Here is my statment which read a set of textboxes from a screen and tries to
save them.

string sSql;
OleDbConnection conn = new OleDbConnection(Form1.Dbase);
sSql = "Update Users Set ";
sSql = sSql + "Usr_login = \"" + textBox1.Text.Trim() + "\",";
sSql = sSql + "Usr_name = \"" + textBox2.Text.Trim() + "\",";
sSql = sSql + "Usr_desg = \"" + textBox3.Text.Trim() + "\",";
sSql = sSql + "Usr_mail = \"" + textBox4.Text.Trim() + "\",";
sSql = sSql + "Usr_mobile = \"" + textBox5.Text + "\",";
sSql = sSql + "Usr_disb = " + checkBox2.Checked.ToString();
sSql = sSql + " where Users.usr_code =";
sSql = sSql + pbusr;
//
//return;
conn.Open();
OleDbCommand cmd = new OleDbCommand(sSql,conn);
cmd.ExecuteNonQuery();
conn.Close();

This works fine until all the textboxes contain something. As soon as I
empty one of the textboxes the system gives an error. Any idea?

 

[Miha Markic]

Hi Ivan,

You database probably doesn't accept null values (empty strings also).
Anyway, you should use parametrised sql commands rather than dynamically
concatenated strings.
BTW, what error are you receiving?

 

[Ivan Sammut]

Can u pls give me an example of a parametrised sql commands .

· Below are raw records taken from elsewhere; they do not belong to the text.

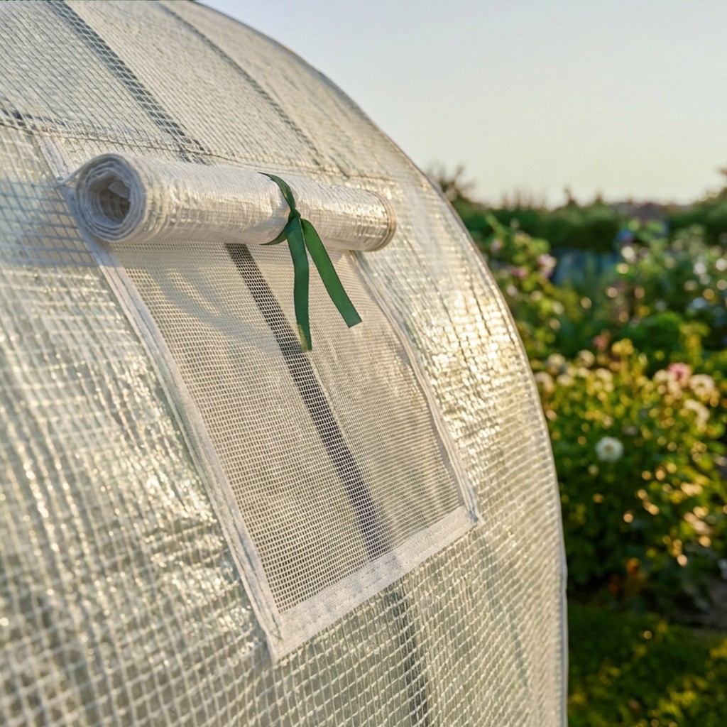 Dla optymalnej cyrkulacji powietrza szklarnia została wyposażona w jedno okno z moskitierą oraz szerokie, rolowane drzwi zamykane na trwałe zamki błyskawiczne. Biały kolor poszycia skutecznie rozprasza światło słoneczne, chroniąc delikatne liście przed poparzeniami, przy jednoczesnym zachowaniu wysokiej przepuszczalności energii niezbędnej do wzrostu.
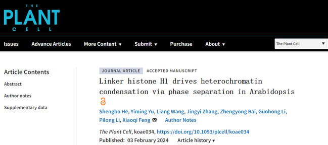 近日,我室赫圣博教授在The Plant Cell在线发表了题为“Linker histone H1 drives heterochromatin condensation via phase separation in Arabidopsis”的研究论文。文章报道了组蛋白H1通过相分离机制驱动植物异染色质浓缩。
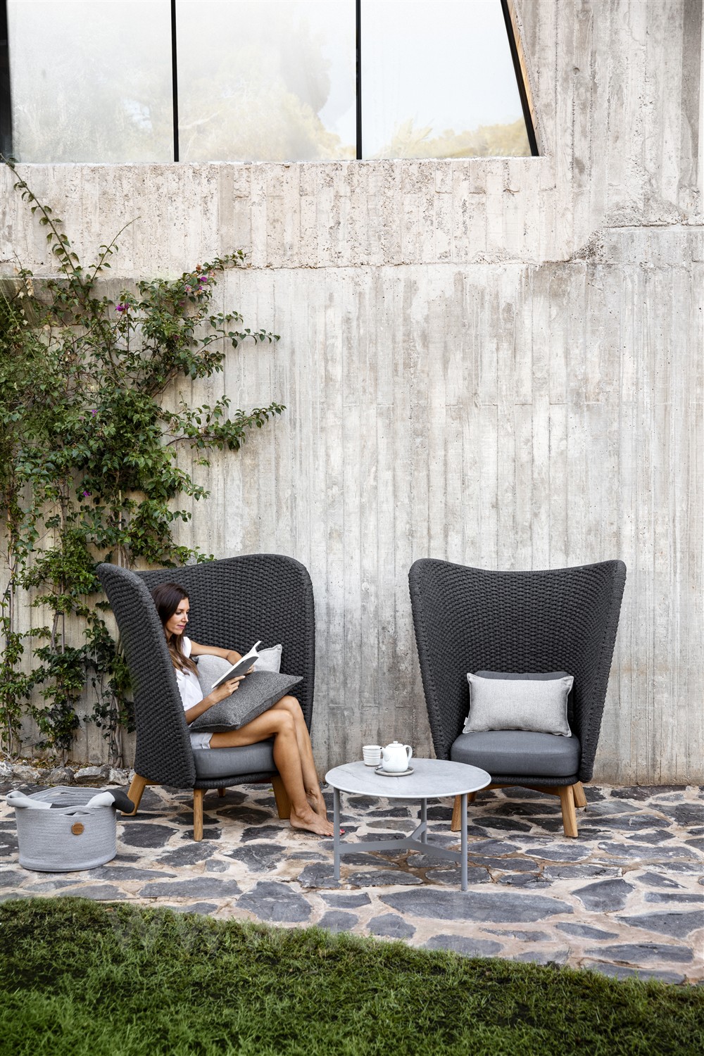 Peacock Lounge je obľúbená kolekcia vonkajších kresiel a pohoviek s lankovým výpletom. Odporúčame kombinovať s jedálenským nábytkom Peacock Rope Dining
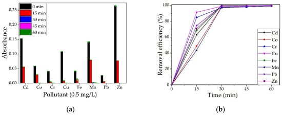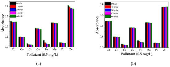 Samples were taken for analysis every 15 min, up to 60 min, with three repetitions per experiment. The averages of the three absorbance values read for each element are represented graphically in Figure 16a.
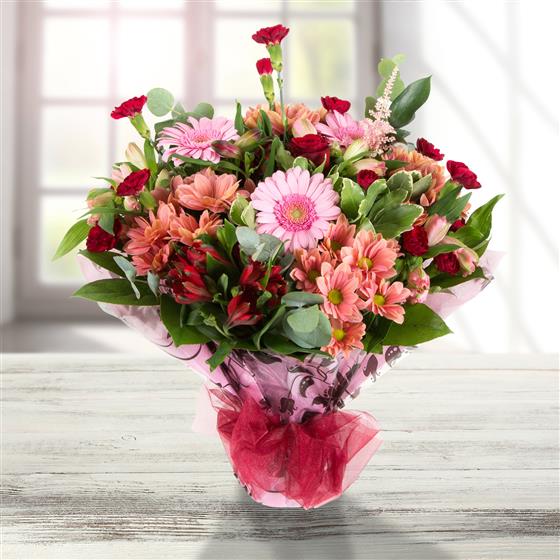 A hand-tied bouquet in a variety of deep red and pink shades encasing a single, long stemmed red rose.
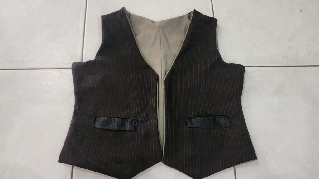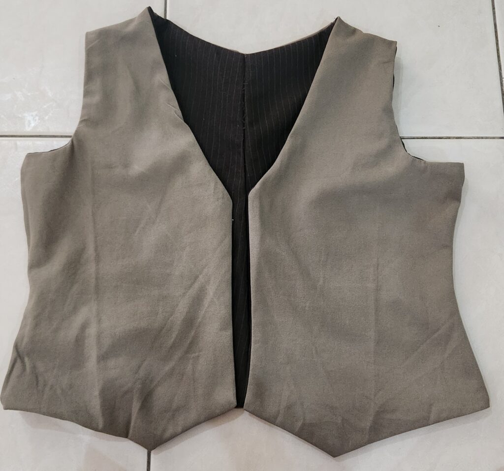 這次我想做有腰身,再添加口袋。看了好幾個版本,選一個自認為看懂又最簡單的做法著手。最終結果是深度夠,伸手進去的寬度太窄。第二件黑線條西裝布的馬甲,改寬了保留深度又變太淺。沒有一次能完全做到滿意。奇怪,兩個口袋最後一定有點不平衡。我放棄調整了。🤣🤣
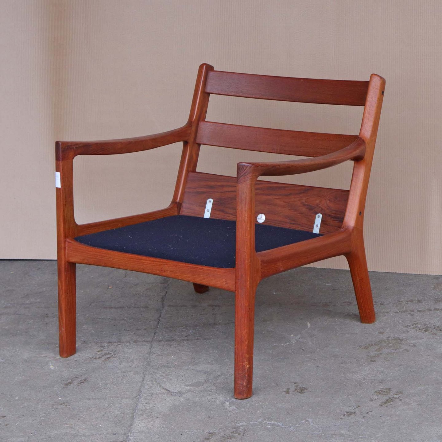 Beskrivelse: Lænestol med stel i lakeret teaktræ og hynder betrukket med lys beige meleret uldstof. Model Senator
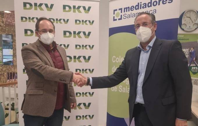 El Colegio de Mediadores de Salamanca ha renovado sus protocolos de colaboración con DKV Seguros. Ambas entidades afianzan así la renovación existente y que tendrá aplicación en la participación de la aseguradora en el Curso de Nivel 1 que imparte la institución. La firma del acuerdo corrió a cargo del presidente del colegio, Rubén Almaraz, y el director de la sucursal de la ciudad de la aseguradora, Ismael Sansegundo.
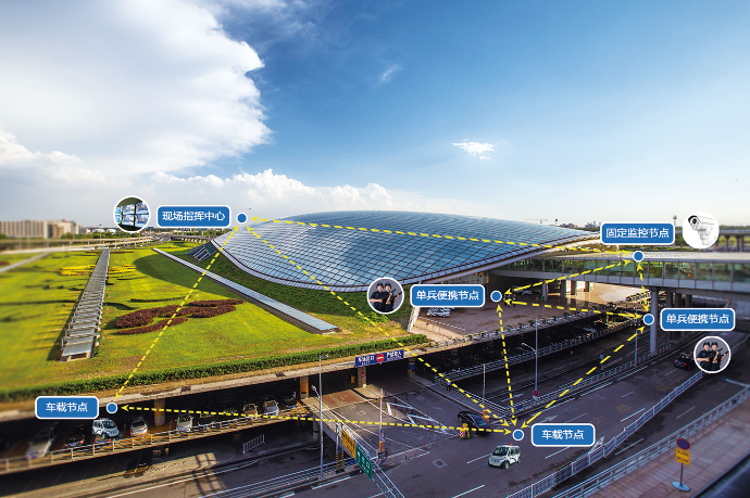 在重大活动安保现场建立前线指挥中,快速部署的固定监控节点作为安保现场的制高点解决区域覆盖,车载节点负责安保现场外围,单兵便携节点负责安保现场内部细分区域,确保无通信盲区和监控死角。
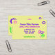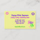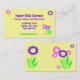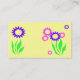 Ces carte de visite, appropriés gais et lunatiques à la garde ou après des buts d'école, caractéristiques une conception de fantaisie des fleurs roses et pourpres avec le feuille vert et des tiges sur un arrière - plan de jaune de beurre sur l'avant et le dos. Tout le texte peut être personnalisé pour adapter à vos besoins.
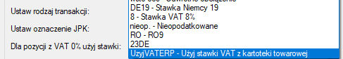 • Zamień stawkę VAT na > UzyjVATERP - Użyj stawki VAT z kartoteki towarowej
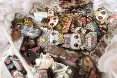 Examples showing some defects - poor plating, dripped/overrun enamel Examples of potential coloration issues -- these tend to be present only in certain specific batches. if you're unsure, send us a message. Examples of common defects - scratches, pores, specks, and punctures.
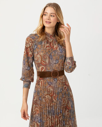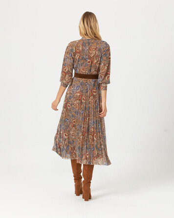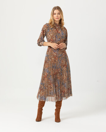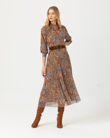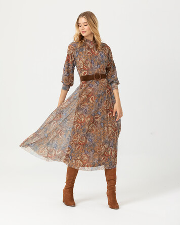 Renkli şal deseni ile dikkat çeken elbise, şifon dokusu ve zamansız formuyla şık bir stil yaratıyor. Elbiseyi, toprak tonlarında topuklu çizme ve botlarla tamamlayarak ideal bir mevsim stili oluşturabilirsiniz.
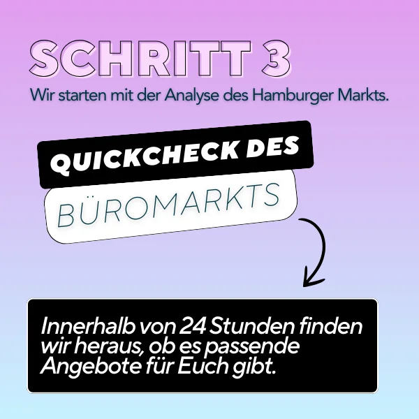 Wir finden umgehend heraus, ob es spannende und passende Angebote für Euch gibt. Eine erste Einschätzung erhaltet Ihr dann innerhalb von 24 Stunden. Als Basis fungieren dabei sogenannte "Hard-Facts" wie die Lage, Flächengröße, Bezugszeitpunkt, Mietpreise, gewünschte Flächenstrukturen oder auch Vertragslaufzeiten. Im Anschluss starten wir mit der Qualifizierung unserer Recherche und stellen Euch erste, konkrete und nachhaltige Ideen vor.

Sorry if it's a stupid question, but i'm still a rookie

thanks
Ivan Sammut

 

[Miha Markic]

Ivan,

Simple example:
instead of

[C#]
sqlcommand.CommandText = "SELECT * FROM Category WHERE CategoryID = 1";

you would use
sqlcommand.commandtext = "SELECT * FROM Category WHERE CategoryID =
@CategoryID ";
sqlcommand.Parameters.Add("@CategoryID", SqlDbType.Int);
sqlcommand.Parameters["@CategoryID"].Value = 1;

So, instead of putting parameter values into sql command, you use
parameters.
This way is faster if you need to execute more same commands with different
parameters (server parses command only once) and way more secure.

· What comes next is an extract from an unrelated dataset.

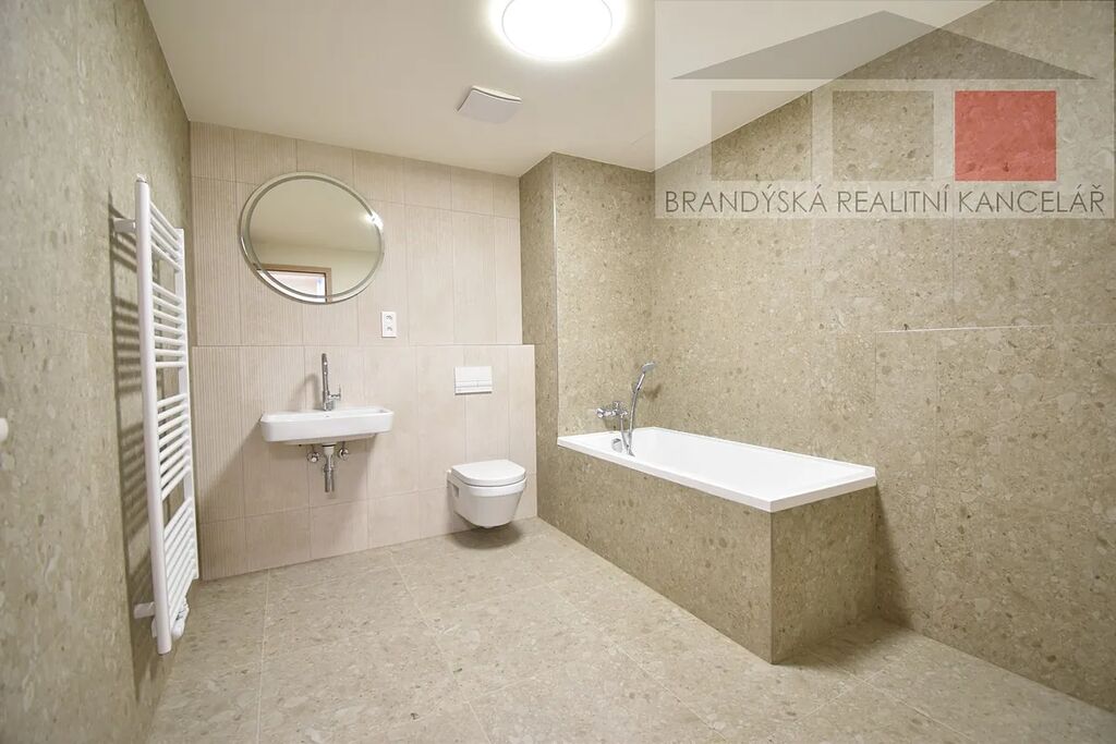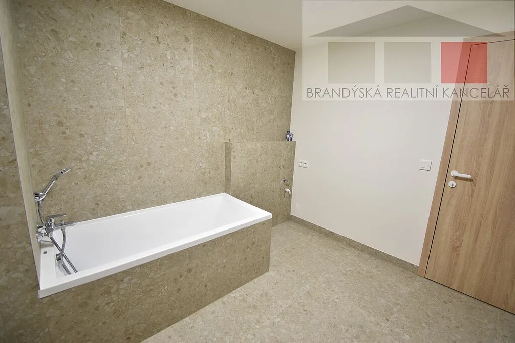 Nabízíme pronájem nadstandartního nového bytu 2+kk s lodžií ve 2. patře Bernardova domu v bytovém projektu Na Mariánské cestě, Brandýs nad Labem. V bytě je prostorný obývací pokoj s kuchyňským koutem (26,4m2) a vstupem na lodžii (8,2m2), ložnice (13,0m2), šatna (5,0m2), chodba (4,7m2), koupelna s WC (8,7m2), samostatné WC (1,7m2). K bytu náleží sklep (2,7m2) a garážové stání v suterénu domu. Kuchyňská linka je ve výrobě a bude kompletně vybavena vestavěnými spotřebiči (indukční varná deska, trouba, digestoř, myčka nádobí, lednice). Byt je úplně nový, dosud neužívaný, orientace na SV. Na všech oknech budou předokenní rolety. Měsíční poplatky pro dvě osoby včetně garážového stání činí 6.100,-Kč + 1.000,-Kč elektřina. Vratná kauce (jistota) 42.000,-Kč, provize RK ve výši jednoho měsíčního nájmu; při podpisu nájemní smlouvy je nutné zaplatit celkem 91.100,-Kč. Žádaná lokalita v blízkosti přírody s dobrou občanskou vybaveností, dojezdová vzdálenost do Prahy ČM cca 20 min.
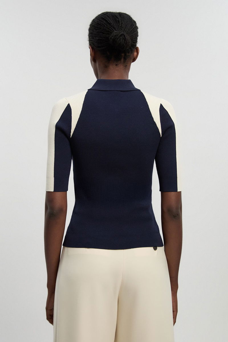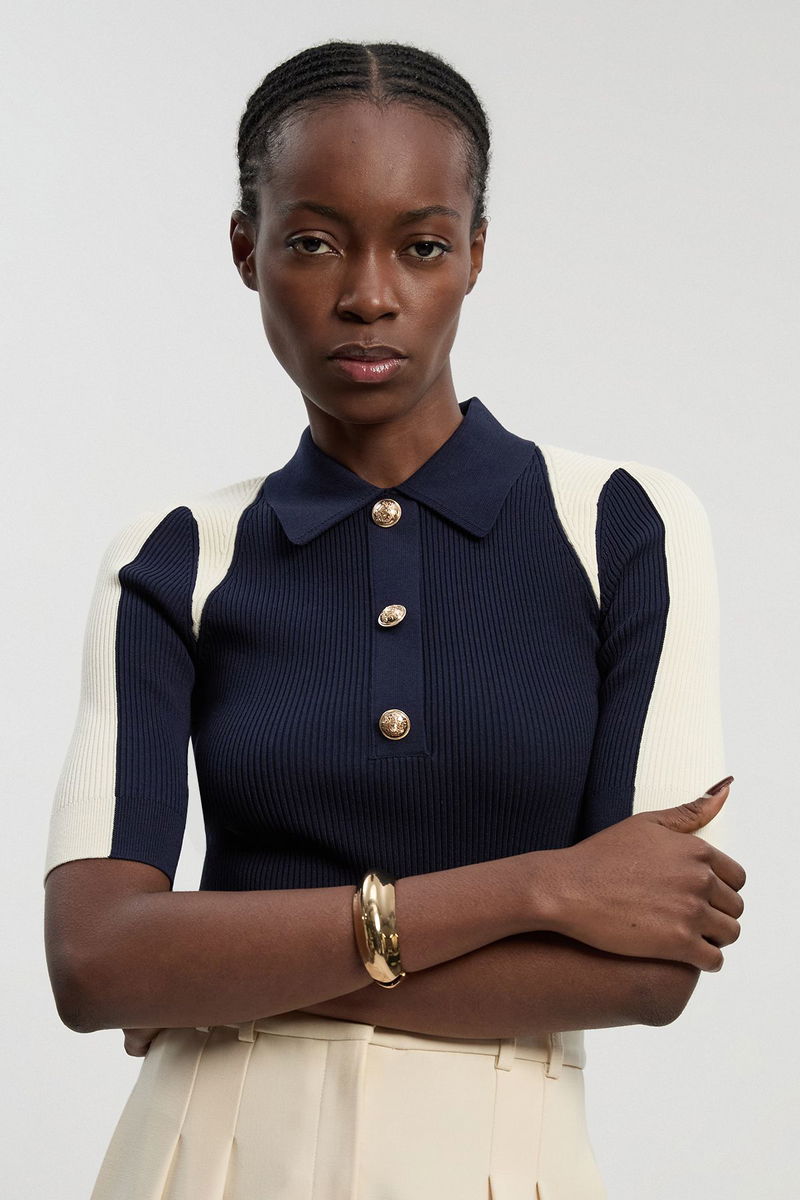 Rib Knit Military Colour Block Short Sleeve Top

There is plenty of info in .net help.
For beginning you might check
Using Parameters with a DataAdapter
help topic.

 

[Thomas Tomiczek [MVP]]

Hm, the same wrong information voer and over again...

Ivan,

Simple example:
instead of

[C#]
sqlcommand.CommandText = "SELECT * FROM Category WHERE CategoryID = 1";

you would use
sqlcommand.commandtext = "SELECT * FROM Category WHERE CategoryID =
@CategoryID ";
sqlcommand.Parameters.Add("@CategoryID", SqlDbType.Int);
sqlcommand.Parameters["@CategoryID"].Value = 1;

So, instead of putting parameter values into sql command, you use
parameters.
This way is faster if you need to execute more same commands with different
parameters (server parses command only once) and way more secure.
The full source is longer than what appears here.